=== What the task requires ===
Once the images are set aside, write out the rest of the records exactly.

=== Records provided ===
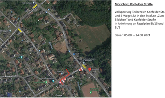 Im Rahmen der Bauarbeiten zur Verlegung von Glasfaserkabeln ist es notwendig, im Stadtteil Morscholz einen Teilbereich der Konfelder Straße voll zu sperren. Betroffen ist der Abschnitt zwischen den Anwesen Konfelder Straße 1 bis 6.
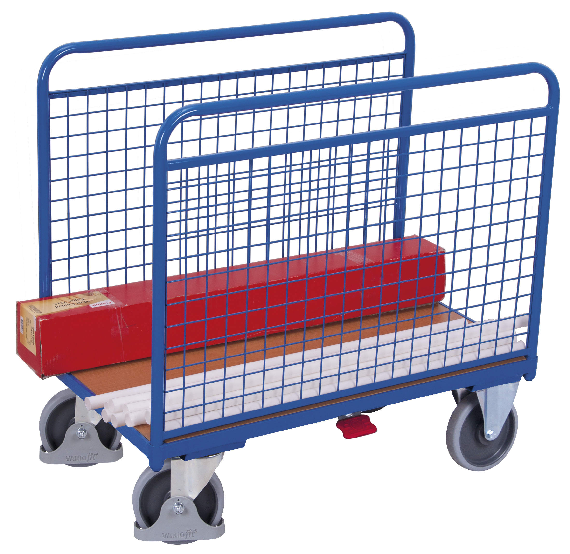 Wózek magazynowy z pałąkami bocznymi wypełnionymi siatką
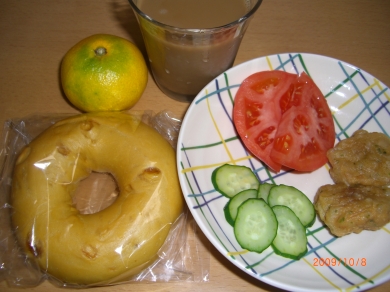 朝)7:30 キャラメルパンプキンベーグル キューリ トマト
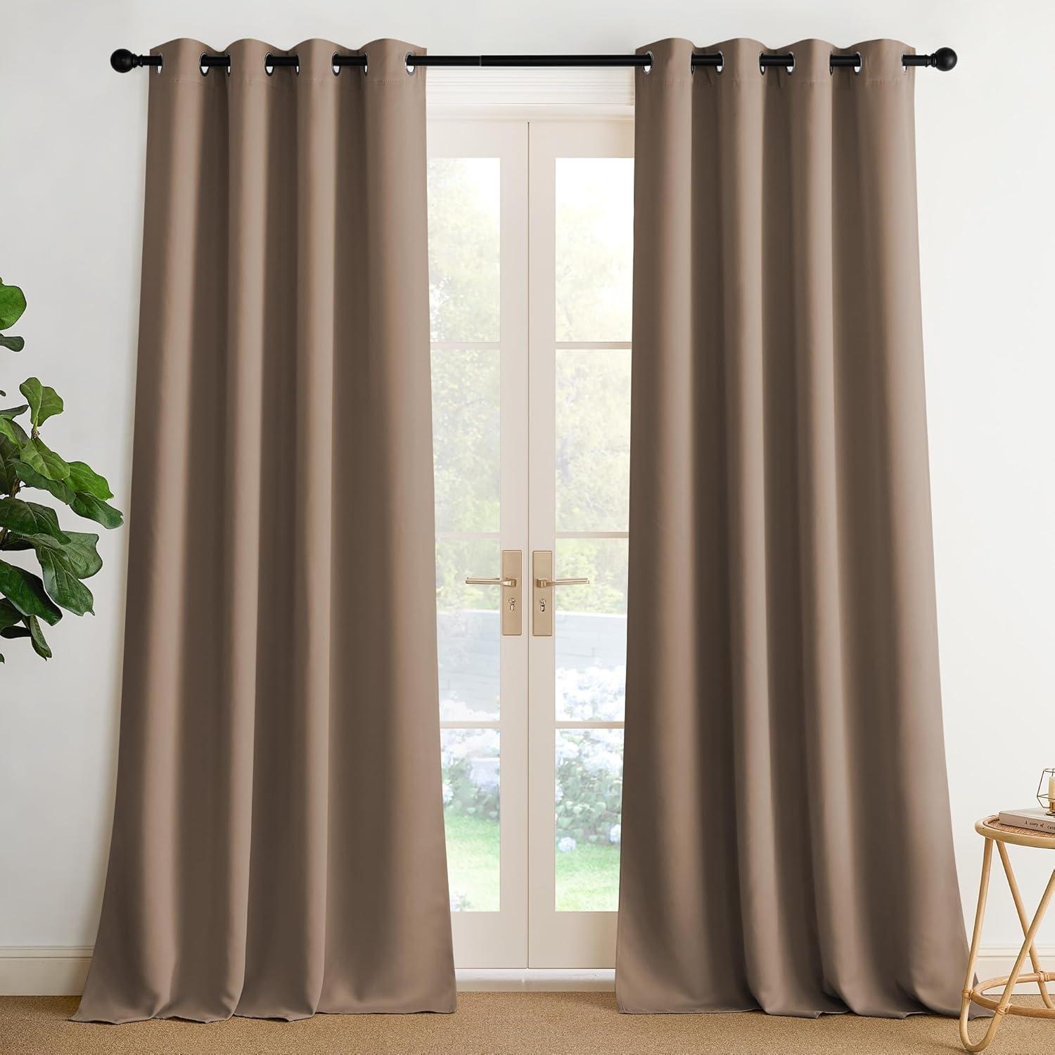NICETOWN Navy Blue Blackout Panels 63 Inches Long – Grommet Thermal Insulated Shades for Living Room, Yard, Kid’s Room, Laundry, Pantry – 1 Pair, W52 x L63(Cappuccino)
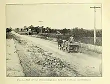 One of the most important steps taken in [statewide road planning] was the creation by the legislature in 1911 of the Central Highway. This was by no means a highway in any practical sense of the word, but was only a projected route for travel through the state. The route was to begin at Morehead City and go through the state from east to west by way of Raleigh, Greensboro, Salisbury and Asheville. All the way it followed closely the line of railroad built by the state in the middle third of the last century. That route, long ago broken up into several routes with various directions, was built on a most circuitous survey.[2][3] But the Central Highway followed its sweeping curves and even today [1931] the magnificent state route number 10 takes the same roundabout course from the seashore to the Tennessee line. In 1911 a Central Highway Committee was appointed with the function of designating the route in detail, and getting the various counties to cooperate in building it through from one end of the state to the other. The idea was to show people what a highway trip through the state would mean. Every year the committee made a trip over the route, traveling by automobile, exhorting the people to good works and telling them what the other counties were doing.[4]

=== Output ===
 Im Rahmen der Bauarbeiten zur Verlegung von Glasfaserkabeln ist es notwendig, im Stadtteil Morscholz einen Teilbereich der Konfelder Straße voll zu sperren. Betroffen ist der Abschnitt zwischen den Anwesen Konfelder Straße 1 bis 6.
 Wózek magazynowy z pałąkami bocznymi wypełnionymi siatką
 朝)7:30 キャラメルパンプキンベーグル キューリ トマト
NICETOWN Navy Blue Blackout Panels 63 Inches Long – Grommet Thermal Insulated Shades for Living Room, Yard, Kid’s Room, Laundry, Pantry – 1 Pair, W52 x L63(Cappuccino)
 One of the most important steps taken in [statewide road planning] was the creation by the legislature in 1911 of the Central Highway. This was by no means a highway in any practical sense of the word, but was only a projected route for travel through the state. The route was to begin at Morehead City and go through the state from east to west by way of Raleigh, Greensboro, Salisbury and Asheville. All the way it followed closely the line of railroad built by the state in the middle third of the last century. That route, long ago broken up into several routes with various directions, was built on a most circuitous survey.[2][3] But the Central Highway followed its sweeping curves and even today [1931] the magnificent state route number 10 takes the same roundabout course from the seashore to the Tennessee line. In 1911 a Central Highway Committee was appointed with the function of designating the route in detail, and getting the various counties to cooperate in building it through from one end of the state to the other. The idea was to show people what a highway trip through the state would mean. Every year the committee made a trip over the route, traveling by automobile, exhorting the people to good works and telling them what the other counties were doing.[4]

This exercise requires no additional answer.